Top of INFORMATION PROVIDED

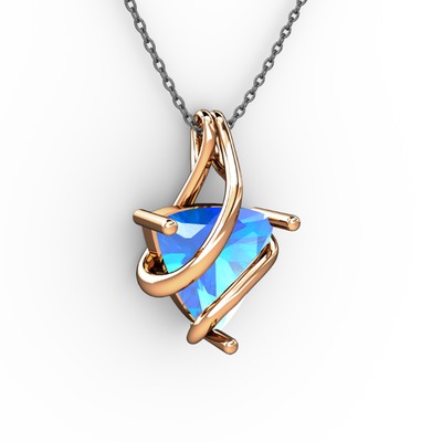 Akuamarin 14 ayar rose altın kolye (40 cm gümüş rolo zincir)
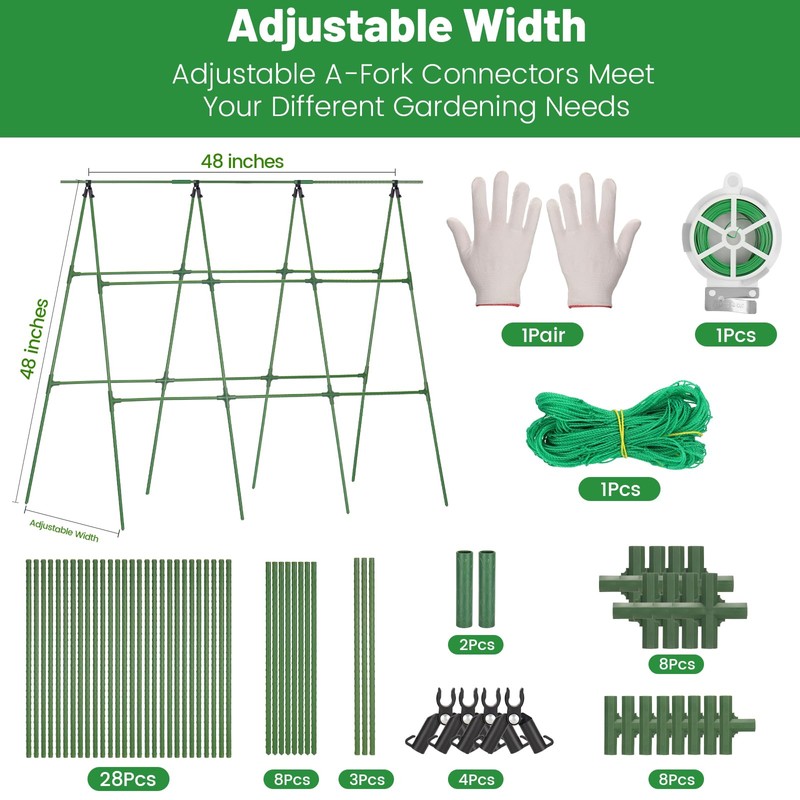 - Sturdy & Durable Trellis: Made of reliable PE coated steel pipes, weatherproof, rustproof, long-lasting, not easy to break or bend, 48" x 48" plant trellis with adjustable width and triangular design, stable and sturdy to support climbing vegetables, flowers, and fruits
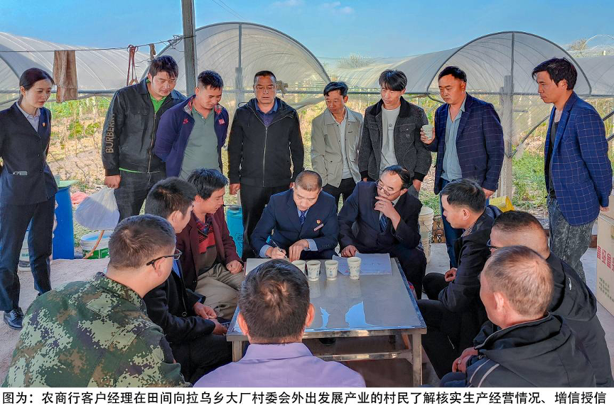 拉乌彝族乡是宾川县最边远的高寒山区少数民族乡,山高林密,耕地稀少,支柱产业核桃价格下滑后,村民经济受到严重影响,许多村民外出到金牛、力角、州城、鸡足山等乡镇,甚至到附近的鹤庆、永胜县承包土地,学习种植葡萄、柑桔谋发展。为了让外出发展的村民“金融服务不断档、发展资金不掉链”,宾川农商银行在拉乌乡党委和村委会的支持协助下,逐村逐户找到村民在异地的生产经营地,在田边、工棚里了解、核实种植经营、发展愿景、资金需求,现场为村民授信、增信,为春耕备耕送上“及时雨”。
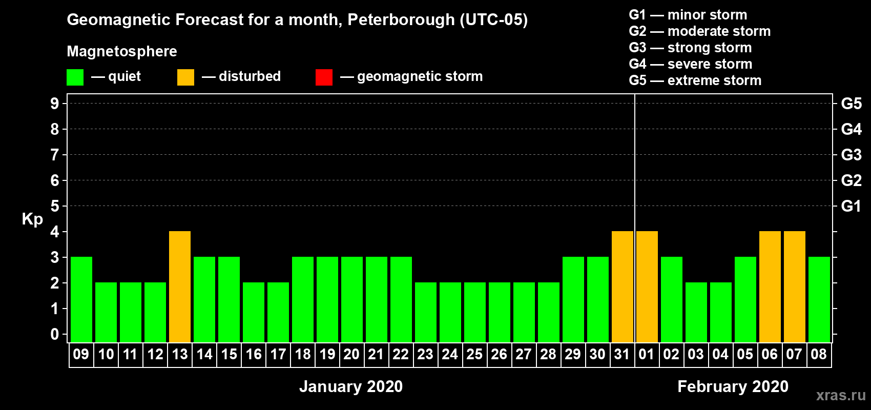Geomagnetic storm forecast in Peterborough for Jan 09, 2020

Bottom of INFORMATION PROVIDED

Return the full listing exactly as it appears above, without its pictures.

 Akuamarin 14 ayar rose altın kolye (40 cm gümüş rolo zincir)
 - Sturdy & Durable Trellis: Made of reliable PE coated steel pipes, weatherproof, rustproof, long-lasting, not easy to break or bend, 48" x 48" plant trellis with adjustable width and triangular design, stable and sturdy to support climbing vegetables, flowers, and fruits
 拉乌彝族乡是宾川县最边远的高寒山区少数民族乡,山高林密,耕地稀少,支柱产业核桃价格下滑后,村民经济受到严重影响,许多村民外出到金牛、力角、州城、鸡足山等乡镇,甚至到附近的鹤庆、永胜县承包土地,学习种植葡萄、柑桔谋发展。为了让外出发展的村民“金融服务不断档、发展资金不掉链”,宾川农商银行在拉乌乡党委和村委会的支持协助下,逐村逐户找到村民在异地的生产经营地,在田边、工棚里了解、核实种植经营、发展愿景、资金需求,现场为村民授信、增信,为春耕备耕送上“及时雨”。
Geomagnetic storm forecast in Peterborough for Jan 09, 2020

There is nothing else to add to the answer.